As in per-phenotype files.

chr: Chromosome of the variant.

pos: Position of the variant in GRCh37 coordinates.

ref: Reference allele on the forward strand.

alt: Alternate allele (not necessarily minor allele). Used as effect allele for GWAS.

rsid: The RSID for the variant (from the BGEN file from UK Biobank).

varid: The variant ID for the variant (from the BGEN file from UK Biobank).

pass_gnomad_genomes: A boolean corresponding to the PASS status in gnomAD (NA if variant is not in gnomAD).

n_passing_populations: The number of populations (max 4: AFR, AMR, EAS, EUR) where the frequency in UKB is less than twice the frequency in gnomAD for the corresponding population (see below), and the p-value of a chi-squared test assessing the difference is > 1e-6.

high_quality: A boolean corresponding to a high-quality variant based on these filters (pass_gnomad_genomes & n_passing_populations == 4).

nearest_genes: The nearest genes for this variant based on Gencode v19.

info: The Info score for this variant (from the ukb_mfi_chrN_v2.txt files).

Population-specific fields#

note

The variable pop used in this section is a placeholder for a 3-letter ancestry code.

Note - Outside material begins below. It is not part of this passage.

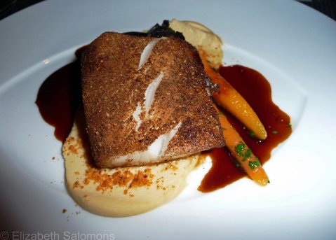 The second course was Moroccan spiced black cod, with chick peas, cashews, and black trumpet mushrooms. I’ve never had cod so delicate and light. The black trumpet mushrooms were the perfect accompaniment, as was the 2010 Pinot Gris from Penticton’s Poplar Grove winery.

For example, af_AFR is the alternate allele frequency for AFR individuals in the whole dataset.

ac_{pop}: The alternate allele count for this variant across all individuals in pop. Defined as af_{pop} * an_{pop}.

af_{pop}: The alternate allele frequency for this variant across all individuals in pop. The mean dosage divided by two.

an_{pop}: The alternate allele number for this variant. This is twice the number of pop individuals with a defined genotype at this site.

gnomad_genomes_ac_{pop}: The alternate allele count for this variant in the nearest gnomAD population: AFR, EAS, and AMR are matched as-is, while EUR is matched to the "North-West European" subset of gnomAD (not available for CSA or MID, as these populations are not in gnomAD v2 genomes).

gnomad_genomes_af_{pop}: The alternate allele frequency for this variant in the nearest gnomAD population.

gnomad_genomes_an_{pop}: The alternate allele number for this variant in the nearest gnomAD population. This is twice the number of individuals with a defined genotype at this site.